[Source data]
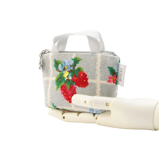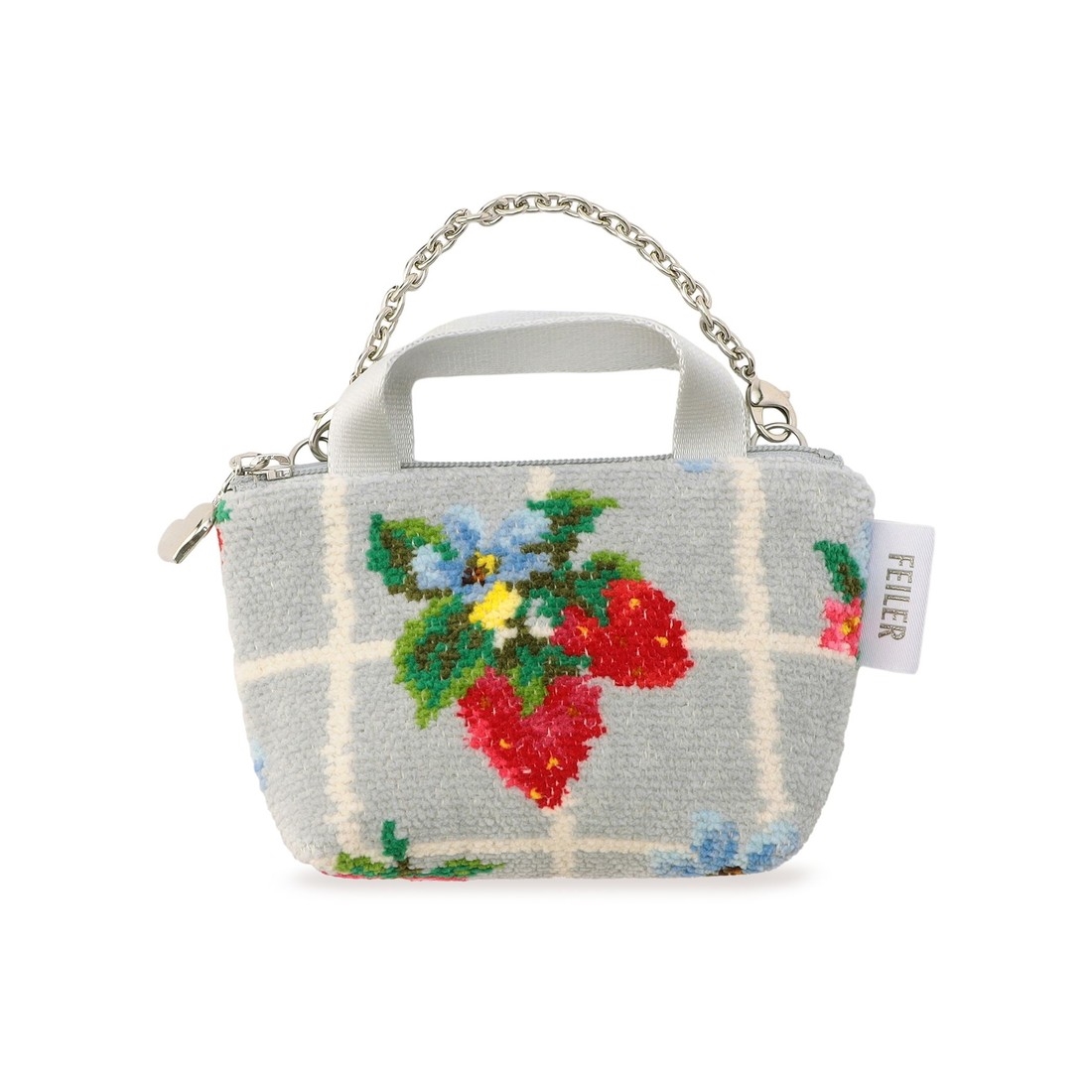 小さなトートバッグを模した『ストロベリーフィールドプティ』のチャームポーチです。ベースカラーをやわらかな雰囲気が漂うグレーにすることで、愛らしくて人気な柄に上品さをプラスしました。取り外し可能なチェーンが付いているので、アクセサリー感覚でお使いいただけます。プレゼントに添えるプチギフトにもおすすめしたいアイテムです。
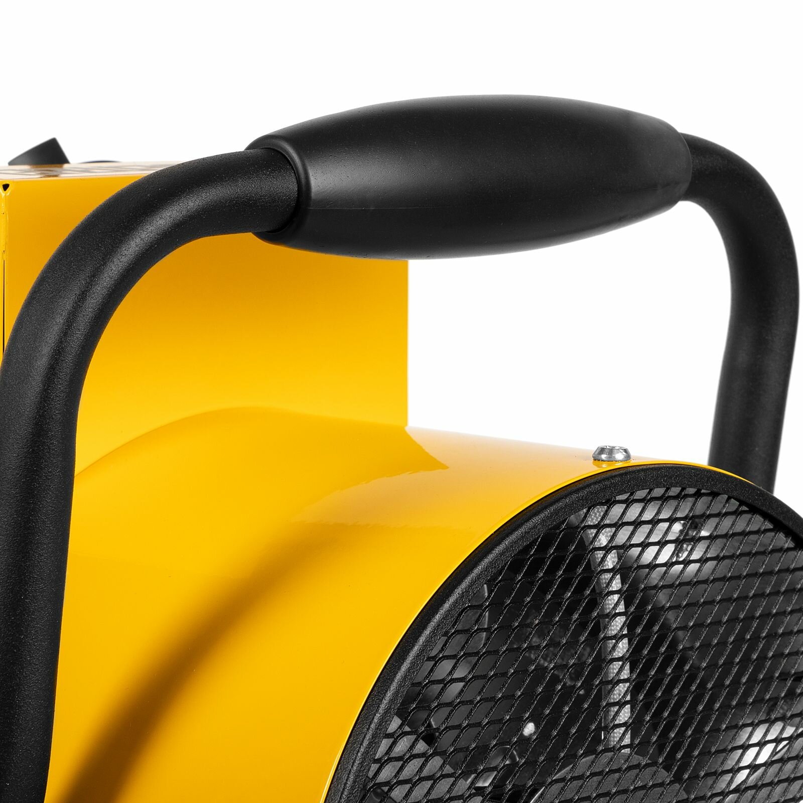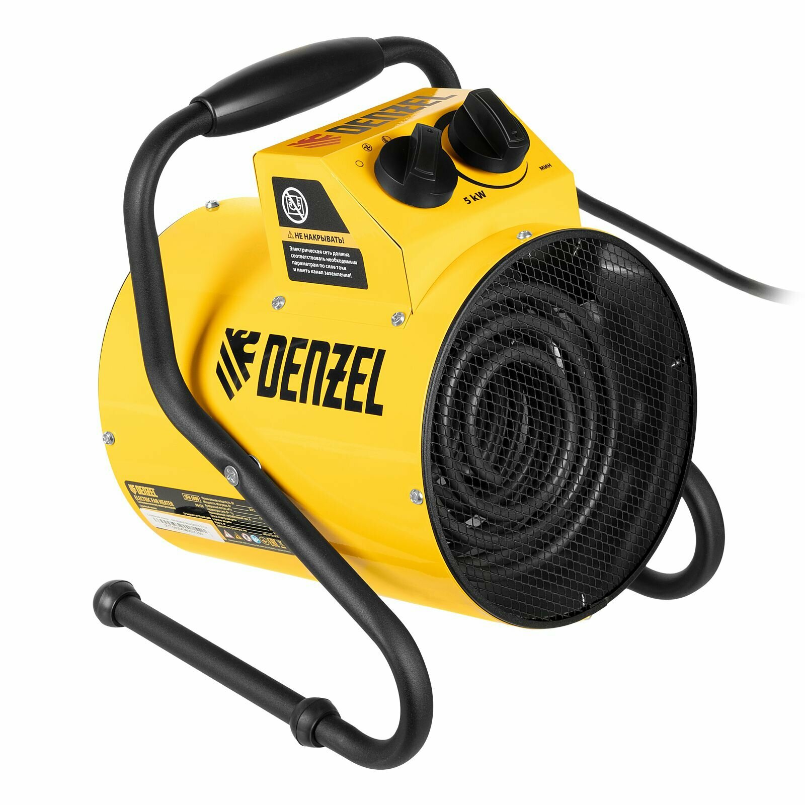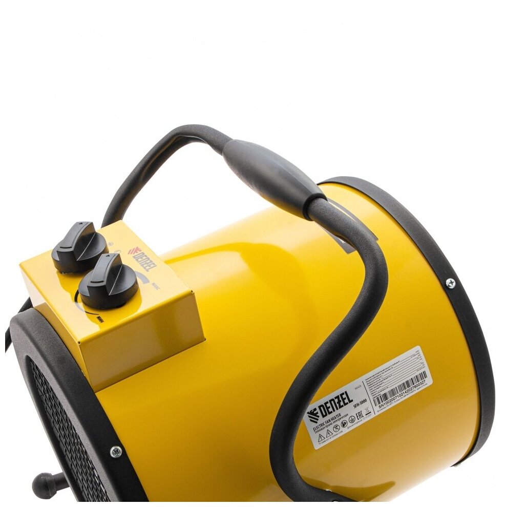 Тепловая пушка профессиональной серии Denzel SFH-5000 96438 питается от сети 230 В, генерирует воздушный поток мощностью 260 куб. м/ч и работает в одном из трех режимов: вентилятор и нагрев 3000/4500 Вт. Предназначена для обогрева или вентиляции складских, производственных, общественных помещений площадью до 45 кв. м. Может использоваться для дистанционной просушки поверхностей, например, окрашенных или оштукатуренных стен во время отделочных работ.
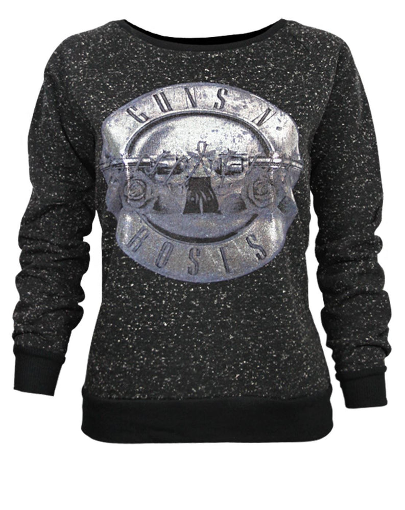 The only way to cover up and keep warm is the Guns N Roses way, get comfy in this Amplified Guns N Roses slim fit womens sweater featuring ribbed cuffs, hem and neck. The unique black speckle effect works perfectly with the official Guns N roses foil effect classic logo giving this vintage feel ladies sweater that extra edge. Cotton mix and machine washable at 30c this Amplified sweater offers a modern twist on a Guns N Roses classic. This ladies sweater has a cute cropped style meaning the hem sits just above the hips, making it a perfect fashionsita piece!
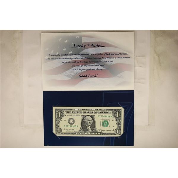 1999 LUCKY 7'S $1 U.S. FRN CRISP UNC WITH SERIAL #279 - 1999 LUCKY 7'S $1 U.S. FRN CRISP UNC WITH SERIAL #
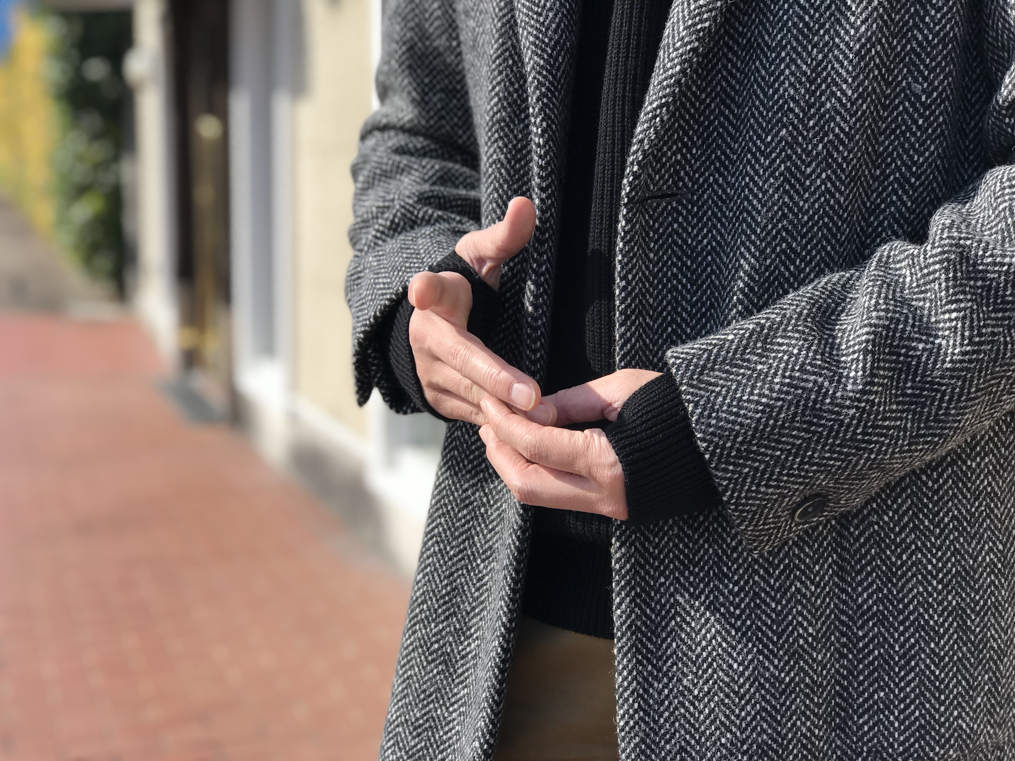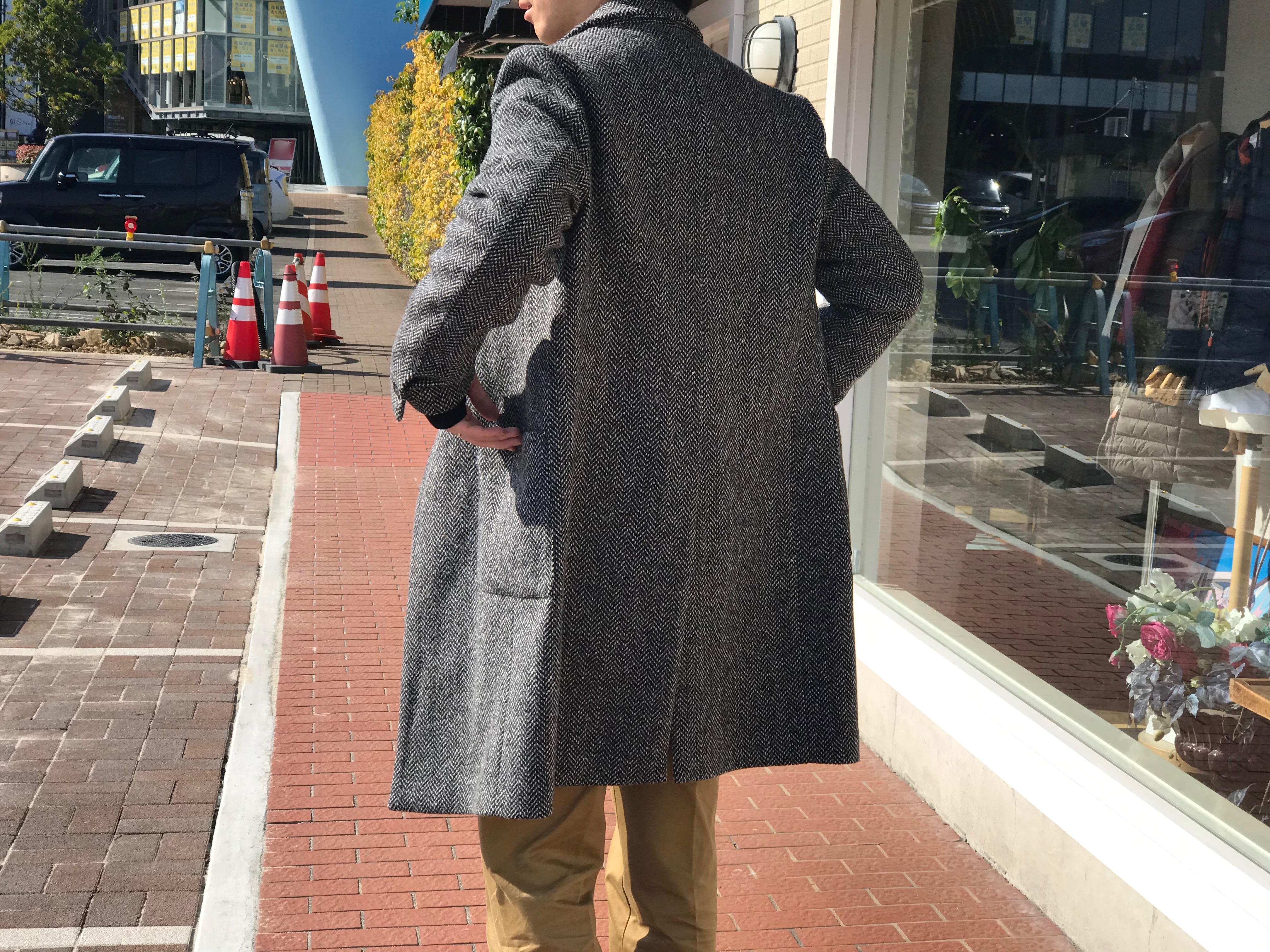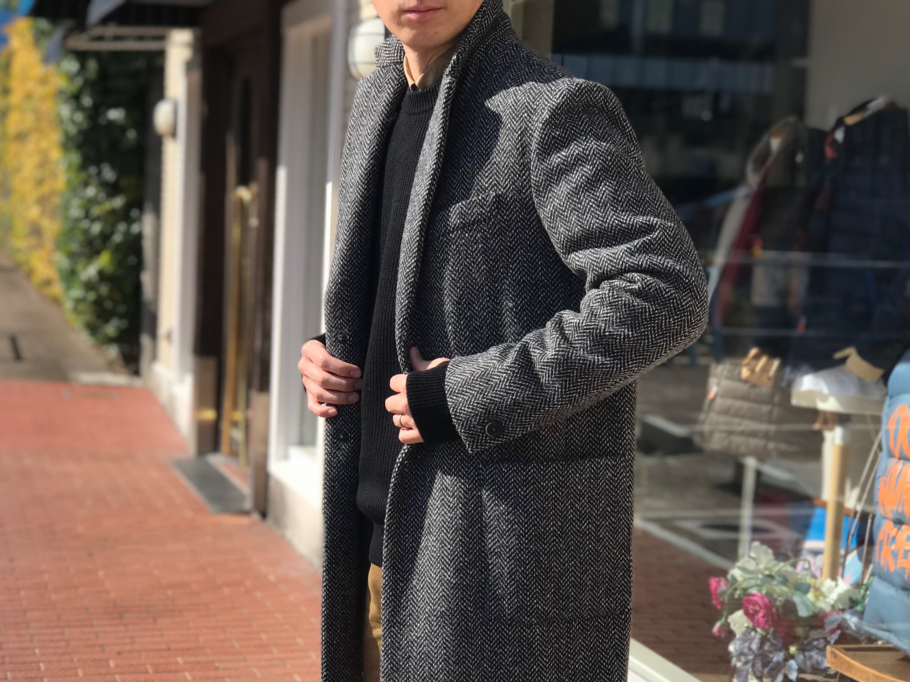 MODEL:ヘリンボーン柄シングルセミチェスターコート

= Exercise aim =
"Тепловая пушка профессиональной" marks the last line to keep. Retype every line from the start of the entries through that one, exactly, and drop the pictures.

= Answer space =
 小さなトートバッグを模した『ストロベリーフィールドプティ』のチャームポーチです。ベースカラーをやわらかな雰囲気が漂うグレーにすることで、愛らしくて人気な柄に上品さをプラスしました。取り外し可能なチェーンが付いているので、アクセサリー感覚でお使いいただけます。プレゼントに添えるプチギフトにもおすすめしたいアイテムです。
 Тепловая пушка профессиональной серии Denzel SFH-5000 96438 питается от сети 230 В, генерирует воздушный поток мощностью 260 куб. м/ч и работает в одном из трех режимов: вентилятор и нагрев 3000/4500 Вт. Предназначена для обогрева или вентиляции складских, производственных, общественных помещений площадью до 45 кв. м. Может использоваться для дистанционной просушки поверхностей, например, окрашенных или оштукатуренных стен во время отделочных работ.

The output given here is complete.